Cosimo Chiricò

Personal information
- Date of birth: 5 October 1991 (age 34)
- Place of birth: Brindisi, Italy
- Height: 1.69 m (5 ft 7 in)
- Positions: Winger; attacking midfielder;

Team information
- Current team: Casarano
- Number: 10

Senior career*
- Years: Team / Apps / (Gls)
- 2009–2013: Lecce / 24 / (5)
- 2009: → Brindisi (loan) / 2 / (0)
- 2009–2010: → Lamezia (loan) / 30 / (4)
- 2010–2011: → Casarano (loan) / 28 / (6)
- 2011–2012: → Lanciano (loan) / 33 / (3)
- 2013–2015: Parma / 0 / (0)
- 2013–2014: → Latina (loan) / 6 / (0)
- 2014–2015: → Ascoli (loan) / 25 / (3)
- 2015–2016: Prato / 10 / (2)
- 2016–2018: Foggia / 72 / (10)
- 2018: Cesena / 7 / (0)
- 2018: Lecce / 1 / (0)
- 2019–2020: Monza / 40 / (9)
- 2020–2021: Ascoli / 18 / (0)
- 2021: → Padova (loan) / 18 / (7)
- 2021–2022: Padova / 37 / (11)
- 2022–2023: Crotone / 37 / (14)
- 2023–2025: Catania / 35 / (6)
- 2025: Cavese / 9 / (1)
- 2025–: Casarano / 37 / (18)

= Cosimo Chiricò =

Italian footballer (born 1991)

Cosimo Chiricò (born 5 October 1991) is an Italian professional footballer who plays as a winger or attacking midfielder for club Casarano.

== Club career ==
=== Lecce ===
After having loan spells away, he became a member of Lecce's first team squad for the 2012–13 Lega Pro Prima Divisione season.
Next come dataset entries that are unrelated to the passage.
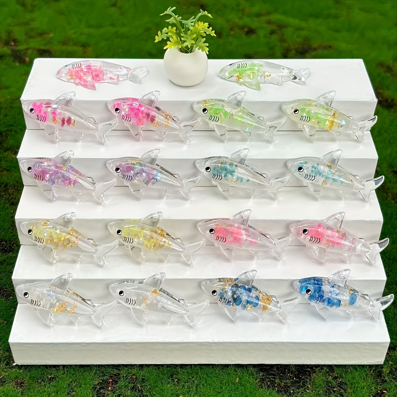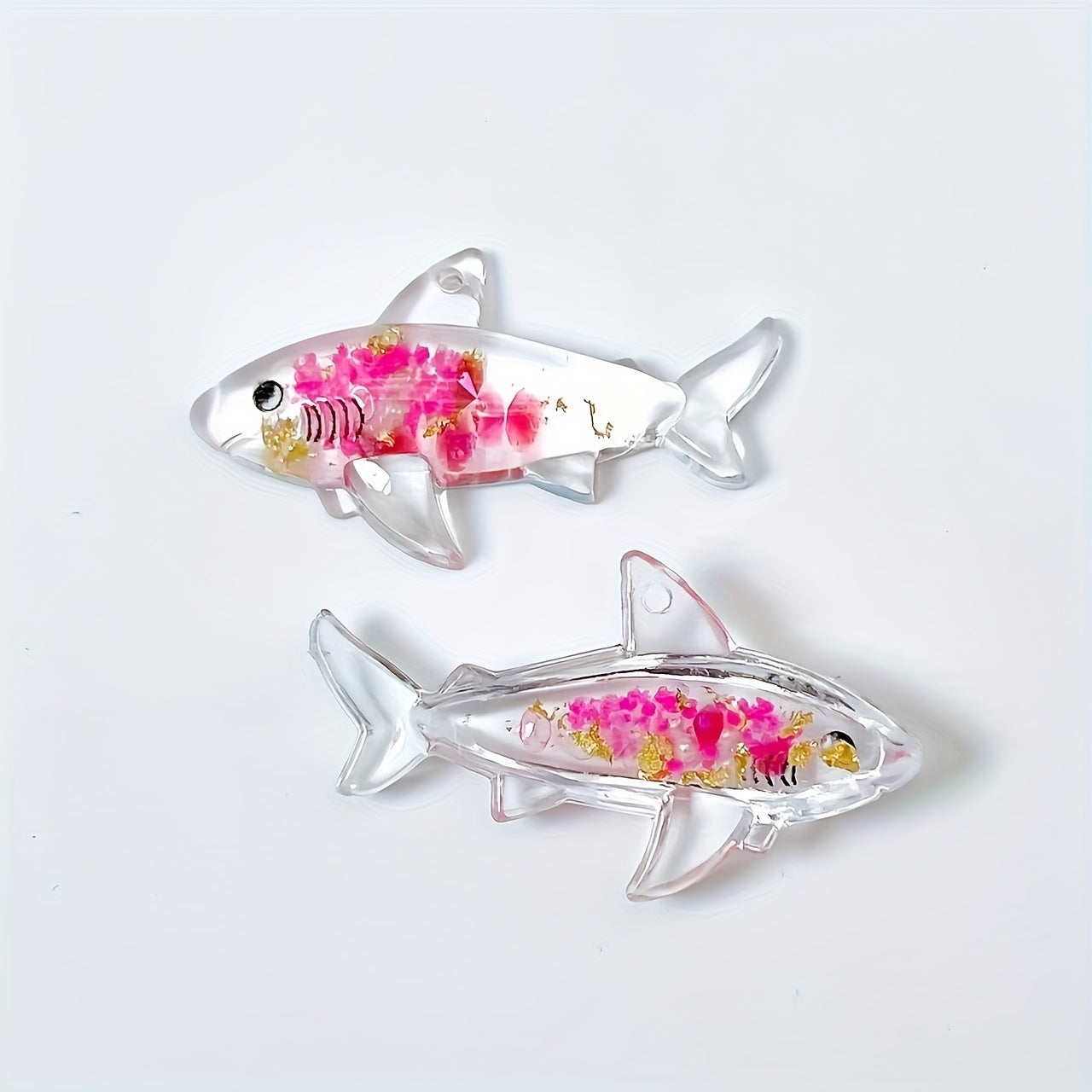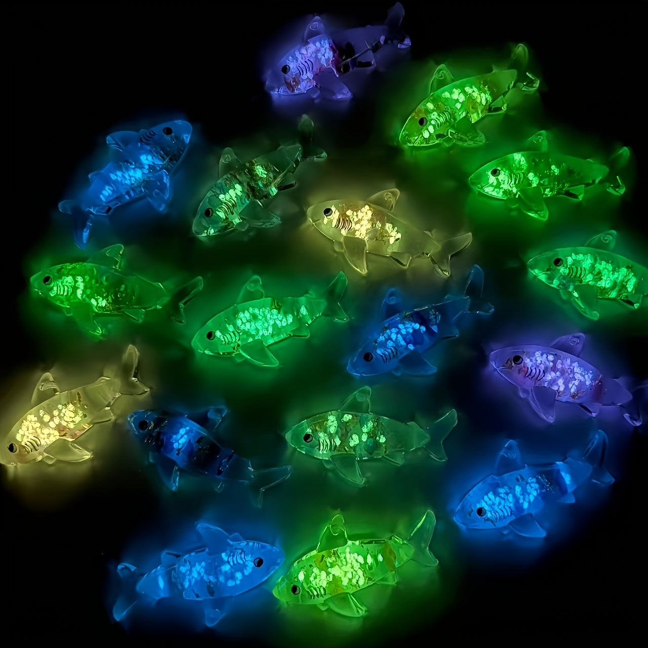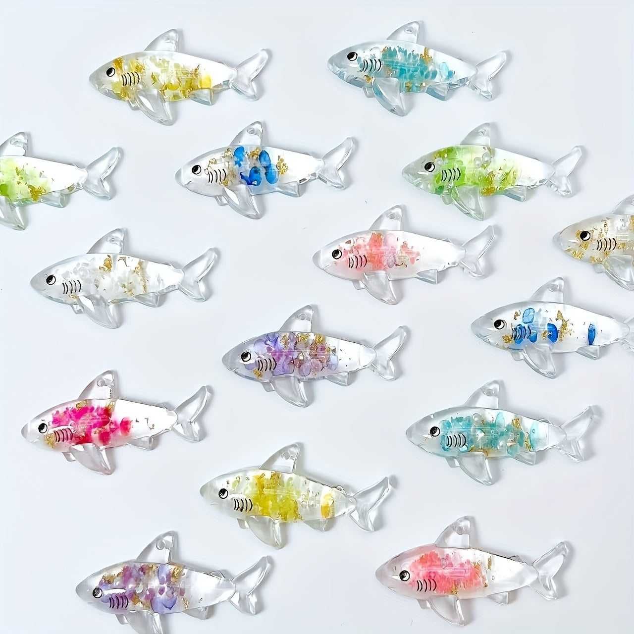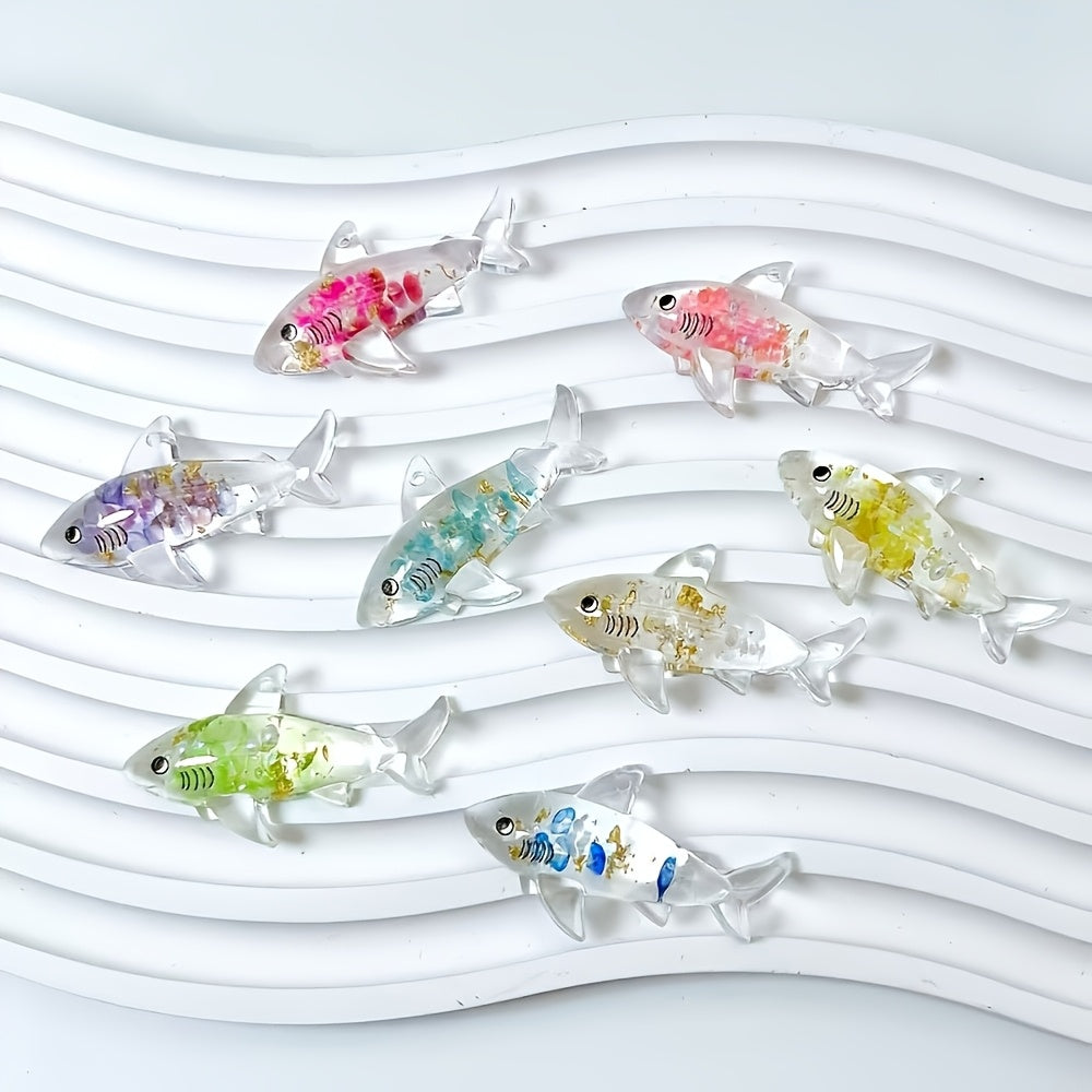 These colorful shark pendants are perfect for DIY jewelry making. They glow in the dark and can be used to create necklaces, earrings, keychains, and more.
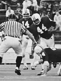 Following the 1965 season, Jim Carlen took over for Corum as head coach. After a 3–5–2 finish in 1966, Carlen guided the Mountaineers to their 8th and final SoCon championship in 1967.[26] West Virginia left the Southern Conference thereafter, participating as an independent until 1991. Carlen's Mountaineers would produce subsequent winning seasons in 1968 and 1969, posting records of 7–3 and 10–1, respectively. The 1969 edition of the Mountaineers was the most successful West Virginia team since the 1922 season.[4] Not only did the Mountaineers win 10 games, but they earned their first bowl game victory since 1948 with a Peach Bowl victory over No. 19 South Carolina, as well as a No. 18 final ranking in the Coaches Poll. The dynamic rushing tandem of running back Bob Gresham (1,155 yards and 9 touchdowns) and fullback Jim Braxton (843 yards, 12 touchdowns) led the Mountaineers.[27] Gresham became the second Mountaineer to ever rush for more than 1,000 yards (Garrett Ford, Sr. was the first with 1,068 yards in 1966).[28] At the conclusion of the 1969 season, Carlen departed West Virginia for Texas Tech. The Mountaineers responded by hiring Bobby Bowden.
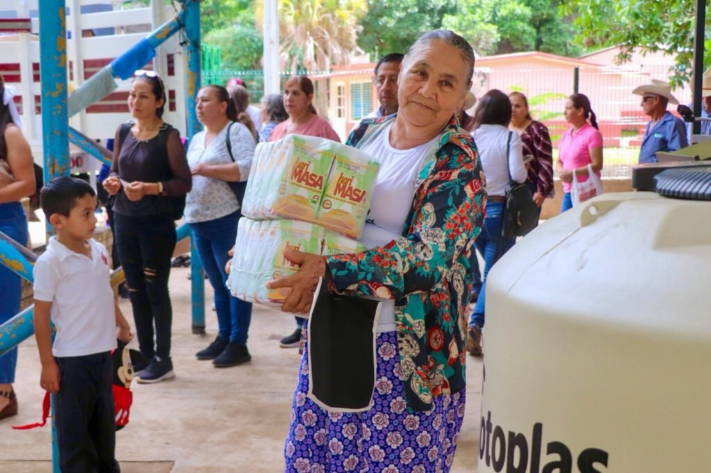 Las familias de esta comunidad, se vieron beneficiadas con el programa ‘Alimentando Familias’, que consiste en la entrega de harimasa mensualmente, tinacos para mitigar los problema de sequía y apoyos alimenticios que hizo entrega el DIF municipal.
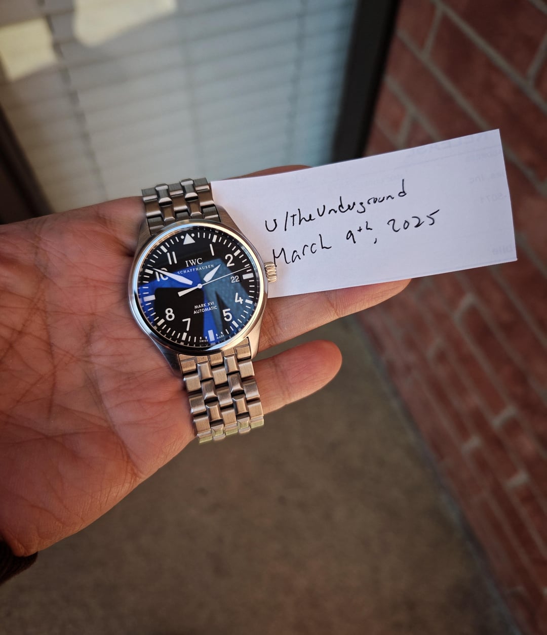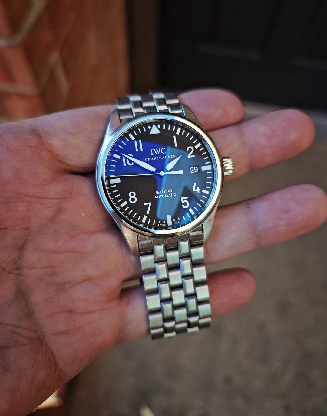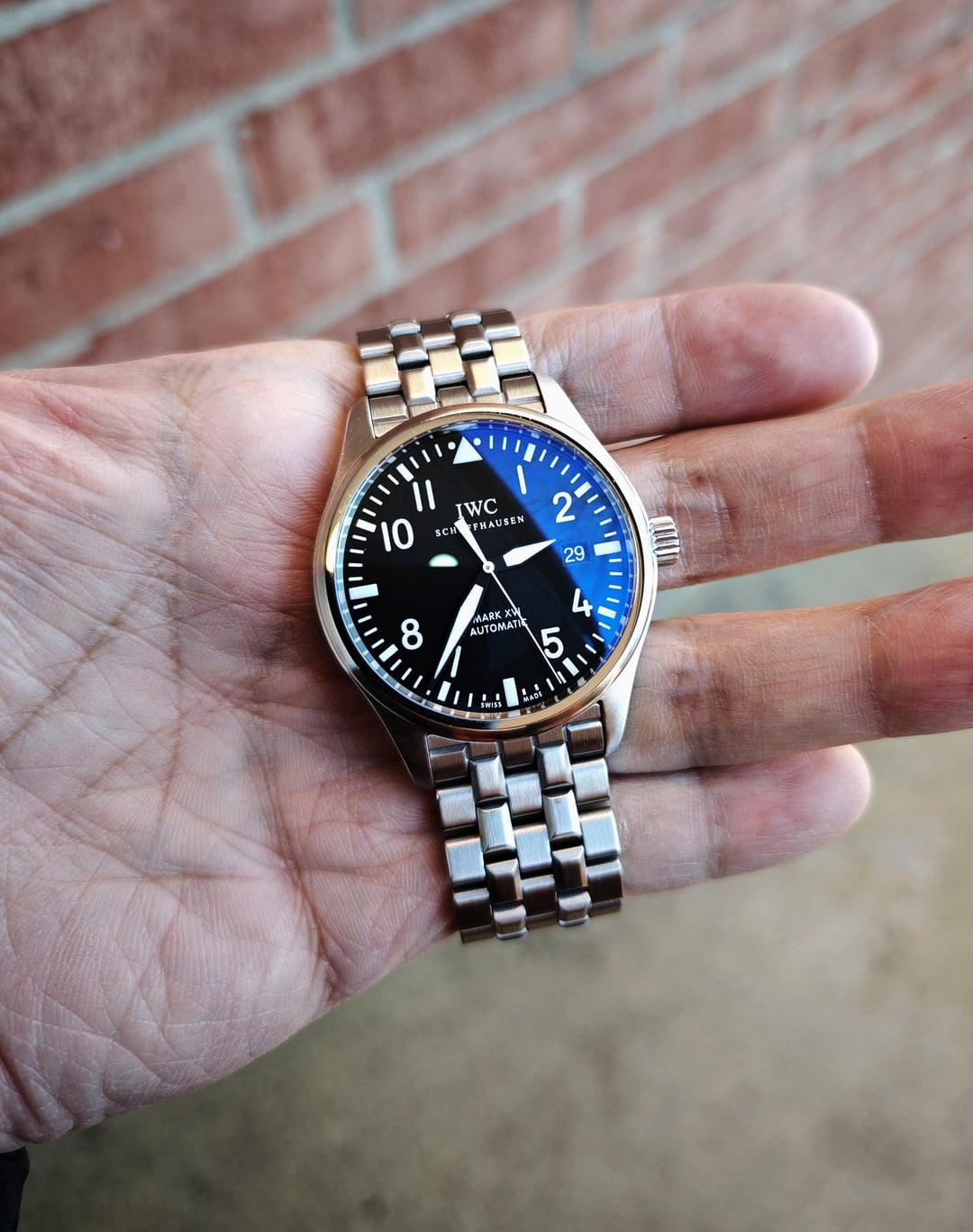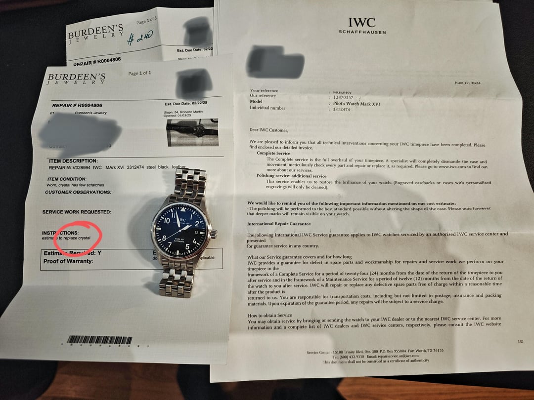 For sale is a **IWC Mark XVI on the steel bracelet.** It was **fully serviced and restored to like-new aesthetics by IWC in June 2024.** Additionally, **IWC installed a new sapphire crystal and gaskets Jan. 2025.** This piece includes over $850 in investments over the past year and is in exemplary condition, with no notable scratches apart from very light wear on the bracelet (as the bracelet was not polished), and perhaps very light marks on the back of the lugs, and perhaps a hairline or two on the bezel. The crystal is brand new (2025) and in flawless condition, with no marks on the outer AR coating. The movement is keeping excellent time. Confirmed waterproofing with new gaskets (2025) so feel free to take it for a swim! Comes in the IWC service box and papers confirming the service and crystal replacement. **Asking $2750 OBO shipped anywhere in the U.S.** I take Zelle or Venmo (sorry, no PayPal) or Cash if you're willing to meet in Chicagoland. Not interested in trades. I've sold many watches here, including two 2024 Rolexes, a 2023 Speedmaster, Cartier Tank, Tudors, etc. I'm happy to have a video call or other forms of confirmation with you. Buy with confidence! **Full album (includes VIDEO)** at: [https://imgur.com/a/wts-iwc-mark-xvi-fully-serviced-new-crystal-gaskets-2025-2mTLCC6](https://imgur.com/a/wts-iwc-mark-xvi-fully-serviced-new-crystal-gaskets-2025-2mTLCC6)
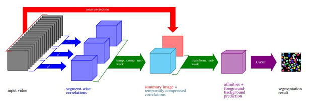 DISCo将深度学习网络的优势与最先进的实例分割程序相结合,允许直接提取单元实例而无需任何复杂的后处理步骤。他们还以非常有效的方式利用钙成像视频的时间背景来计算像素之间的分段相关性。然后以摘要图像的形式将此时间信息与基于形状的信息相结合。

He scored his first goal for the club in a 2–0 win over San Marino on 16 September and his second goal a week later in a 3–1 win against Treviso.

=== Parma ===
In summer 2013 Chiricò was signed by Serie A club Parma. On 29 July 2013 he was signed by Serie B club Latina on a temporary deal, joining Riccardo Brosco and Alessandro Iacobucci also from Parma.

On 20 June 2014 Chiricò and Cristian Dell'Orco were signed by Ascoli.

=== Prato ===
In October 2015 Cosimo signed for Prato.

=== Foggia ===
In January 2016 Cosimo signed for Foggia. He signed a new 3-year contract on 10 July 2017. However, on 31 January 2018 he was released by Foggia in a mutual consent.

===Cesena===
On 5 February 2018, he signed a contract with Cesena, until the end of season. He was assigned number 9 shirt, which was owned by Ettore Gliozzi.

===Lecce===
On 9 July 2018 he was signed by his former club Lecce, but made just one appearance in the Serie B.

===Serie C===
On 4 January 2019 he was signed by Monza on a permanent basis.

===Return to Ascoli===
On 23 September 2020 he returned to Ascoli on a permanent basis.

===Back to Serie C===
On 1 February 2021, he joined Serie C side Padova on loan. On 7 July 2021, he transferred to Padova on a permanent basis.

On 29 June 2022, Chiricò signed a three-year contract with Crotone.

On 14 July 2023, Chiricò joined Catania.